187 Ill. App. 3d 752, 544 N.E.2d 403, 405 (1st Dist. 1989). Ms. Johnson properly points out that Illinois law does not require adjudication of incompetency. Id.
Johnson, 766 F. Supp. at 655.
In Alber v. Illinois Dept. of Mental Health, 786 F. Supp. 1340 (N.D. Ill. 1992), the court was faced with deciding the requirements of pleading a "legal disability" under P 13-211. The court held, "No prior adjudication of incompetence is required to trigger that exception [the tolling rule] to the statute of limitations. It is enough that the complaint allege facts sufficient to prove legal disability." Alber, 786 F. Supp. at 1359 (citing Estate of Riha v. Christ Hosp., 187 Ill. App. 3d 752, 755-56, 544 N.E.2d 403, 405 (1st Dist. 1989)). See also Reichert v. Ford Motor Co., 768 F. Supp. 262, 263 (S.D. Ill. 1991) (where the court found that the plaintiff had sufficiently alleged that he was under a legal disability pursuant to P 13-211, without any formal adjudication).
Accordingly, this court holds that in Illinois,
plaintiff need not formally be adjudicated "legally disabled" to effectively toll the statute of limitations under P 13-212. Turning to the case at bar, plaintiff has alleged that he has been severely and permanently brain damaged from birth and has been "continuously disabled both mentally and physically and totally without understanding or capacity to make or communicate decisions regarding his person, estate or financial affairs." Amended Complaint, Count III at P 5. This court holds that plaintiff has sufficiently alleged that he was "legally disabled" within the meaning of P 13-212, thereby tolling the statute of limitations.
Defendant additionally argues that since the term "legal disability" is not defined in P 13-212, the court must look to other Illinois statutes where the term is defined and apply the same meaning. In doing so, defendant points to the Mental Health and Developmental Disability Code (Mental Health Code),
which states, "nor shall such person be held legally disabled except as determined by a court." Defendant urges this court to apply this definition of "legally disabled" to actions involving P 13-212, an argument not made in the Passmore and Riha decisions.

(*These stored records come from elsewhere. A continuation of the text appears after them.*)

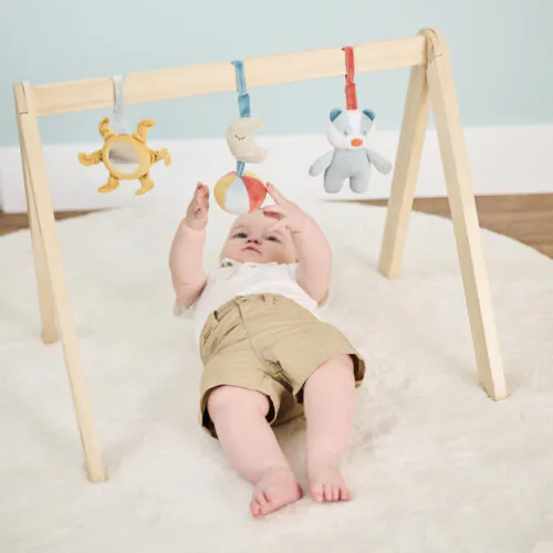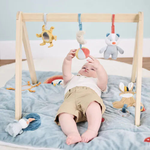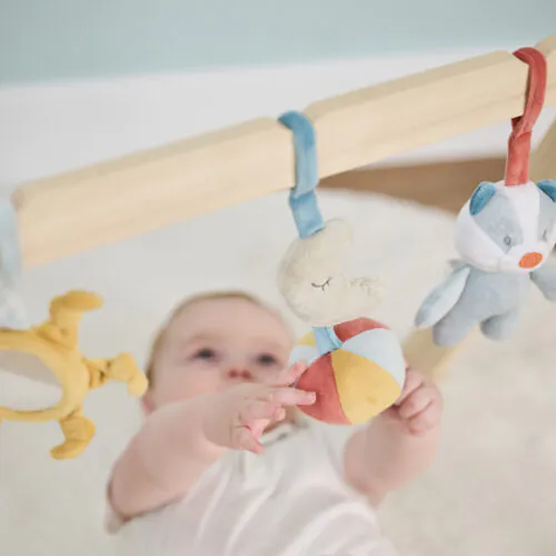 Teremts vidám játszóteret babádnak a Nattou fa babatornásztatójával! Ez az 50×60 cm-es tömörfából készült babatornásztató négy izgalmas tevékenységet kínál, amit babád felfedezhet és megfoghat. Található rajta egy színes napsütés tükörrel, egy plüsslabda csörgővel és egy sípoló, amelyek optimálisan stimulálják a baba fogási reflexeit. Helyezd a játékhidat egy puha felületre, például játszószőnyegre, és kezdődhet a móka! A játékok könnyen eltávolíthatók és mosógépben moshatók.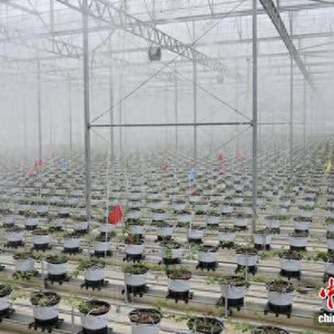 图为蓝莓种植大棚正在浇灌。陆远培 摄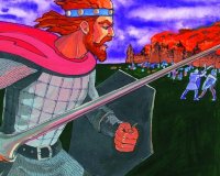 A hosszú íjjal ellenfeledre célzol és lősz. Elrepül 4 bronzhegyű nyíl. Lövedékeiddel perforálod az uzbány testét. (4 támadással 47 életpontot sebezve.) Marokra fogva a Mallon botját a másikra rontasz. Mallon botjával eltalálod az uzbány testét. (1 támadással 11 életpontot sebezve.) Aritma ostorával megütöd az uzbány testét. (1 támadással 10 életpontot sebezve.) Csőrével az uzbány nem tudott megsebezni. Az uzbány szemében félelem villan, aztán lassan lehunyja, miközben lelke kitör testének fogságából.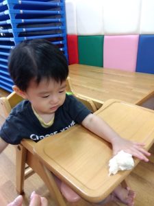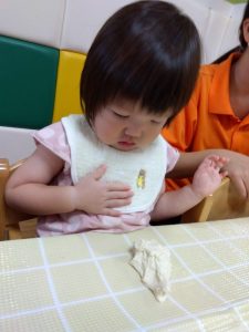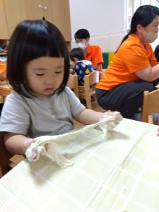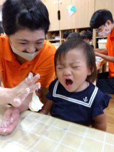 慣れない感触に思わず手を拭いてしまう子…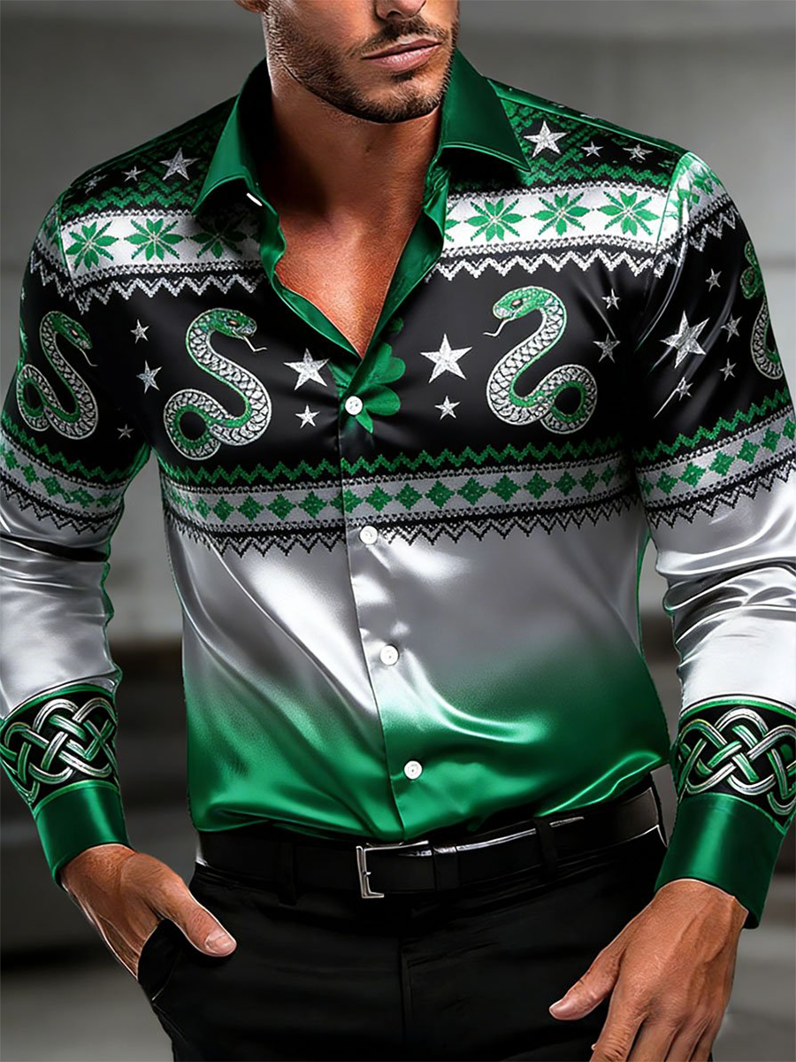 Women's St. Patrick's Day Shamrock Art Printed Satin Lapel Shirt

Defendant's argument is unpersuasive. The Mental Health Code involves determining when to give a person mental health and disability services. To be eligible, a court must find the person disabled. To the contrary, P 13-212 confers no such benefit; rather, it deals with an individual's right to maintain and preserve a cause of action. Therefore, that the Illinois legislature requires adjudication of legal disability under the Mental Health Code in no way suggests the same meaning is to be used when dealing with a person's substantive right to maintain a cause of action. As the court in Passmore pointed out, the defendant's definition of "legally disabled" would render the protection afforded in P 13-212 meaningless. The plaintiff's right to seek redress through the courts cannot be contingent upon his guardian or next-of-friend going through the necessary steps to adjudicate him legally disabled.
This court also rejects defendant's argument that because words are to be used in their ordinary and popular meaning, and whereas "legal disability" is defined to be a disability imposed by law, a court must adjudicate the person disabled in order to qualify. Defendant overlooks that a person can plead allegations which render him legally disabled and a court can make this determination without any prior adjudication. Such a determination would still be "by law."
Defendant also points to the several statutes of limitations that have been enacted by the Illinois legislature in response to the proliferation of medical malpractice lawsuits. Defendant argues that not requiring an adjudication of this status within the eight-year period contravenes the public policy of Illinois of limiting medical malpractice suits. Defendant contends that such an interpretation of P 13-212 will subject the medical profession to the risk of law suits until the death of the patient. This may be so. However, an individual should not be deprived of his substantive right to sue because his guardian did not have him adjudicated "legally disabled." As the plain language of P 13-212 states, the statute of limitations does not run until the disability is removed.
For the foregoing reasons, defendant's motion to dismiss is denied.